__RECORD EXCERPTS__:
------------------------------------------------------------------------
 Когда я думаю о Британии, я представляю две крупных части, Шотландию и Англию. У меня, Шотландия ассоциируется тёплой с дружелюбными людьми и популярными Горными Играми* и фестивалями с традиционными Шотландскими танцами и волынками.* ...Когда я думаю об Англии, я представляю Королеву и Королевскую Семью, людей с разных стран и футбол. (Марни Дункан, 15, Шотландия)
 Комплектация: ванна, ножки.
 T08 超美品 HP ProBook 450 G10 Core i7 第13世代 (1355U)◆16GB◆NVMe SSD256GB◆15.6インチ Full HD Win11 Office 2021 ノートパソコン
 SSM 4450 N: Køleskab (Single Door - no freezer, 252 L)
------------------------------------------------------------------------
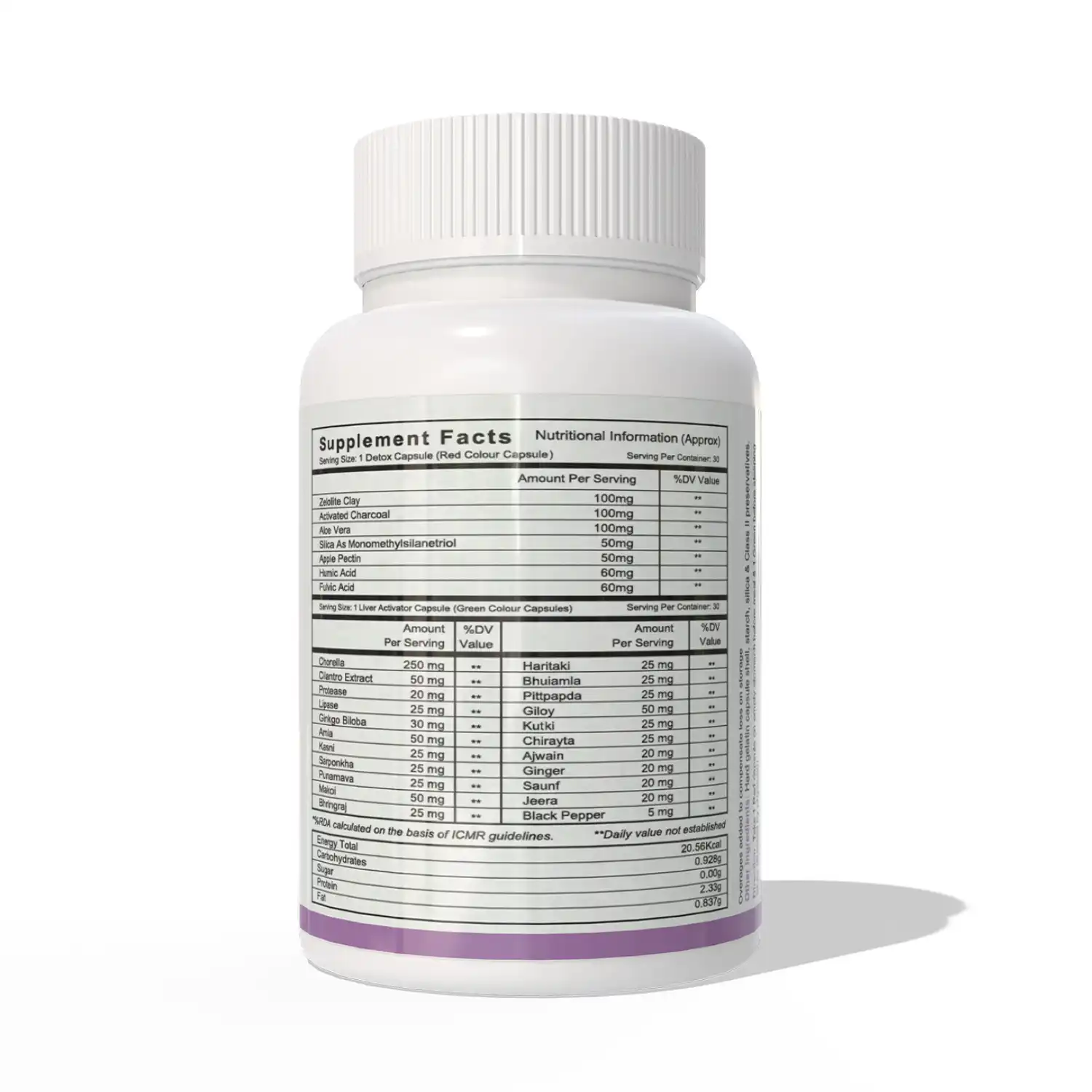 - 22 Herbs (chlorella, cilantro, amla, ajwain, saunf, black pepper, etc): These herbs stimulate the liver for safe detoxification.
------------------------------------------------------------------------
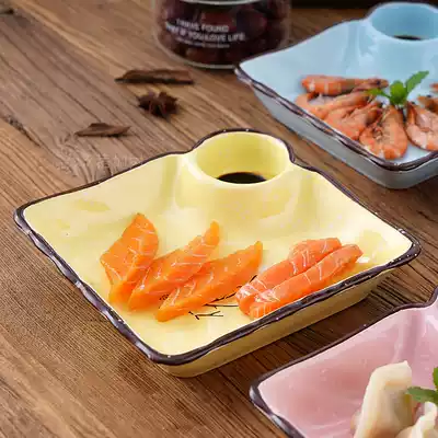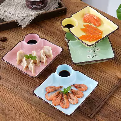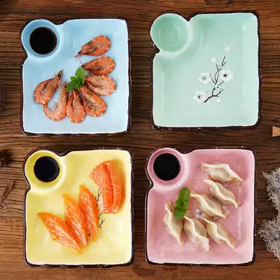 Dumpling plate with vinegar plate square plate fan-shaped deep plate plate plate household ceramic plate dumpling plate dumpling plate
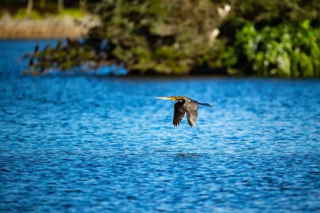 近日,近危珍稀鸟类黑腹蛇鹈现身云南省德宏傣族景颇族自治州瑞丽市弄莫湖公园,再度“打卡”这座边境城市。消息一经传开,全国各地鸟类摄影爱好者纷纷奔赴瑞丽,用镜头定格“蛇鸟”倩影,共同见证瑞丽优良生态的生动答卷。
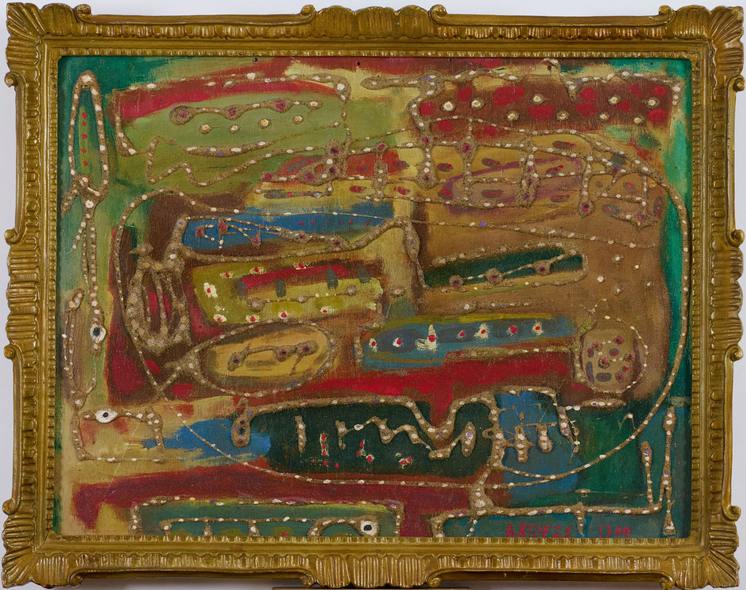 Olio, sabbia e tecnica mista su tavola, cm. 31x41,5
------------------------------------------------------------------------
__EXERCISE DESCRIPTION__: Look above for the line holding "Когда я думаю о Британии, я". Print it and every line after it, exactly, through the line holding "SSM 4450 N: Køleskab".

__YOUR SOLUTION__:
 Когда я думаю о Британии, я представляю две крупных части, Шотландию и Англию. У меня, Шотландия ассоциируется тёплой с дружелюбными людьми и популярными Горными Играми* и фестивалями с традиционными Шотландскими танцами и волынками.* ...Когда я думаю об Англии, я представляю Королеву и Королевскую Семью, людей с разных стран и футбол. (Марни Дункан, 15, Шотландия)
 Комплектация: ванна, ножки.
 T08 超美品 HP ProBook 450 G10 Core i7 第13世代 (1355U)◆16GB◆NVMe SSD256GB◆15.6インチ Full HD Win11 Office 2021 ノートパソコン
 SSM 4450 N: Køleskab (Single Door - no freezer, 252 L)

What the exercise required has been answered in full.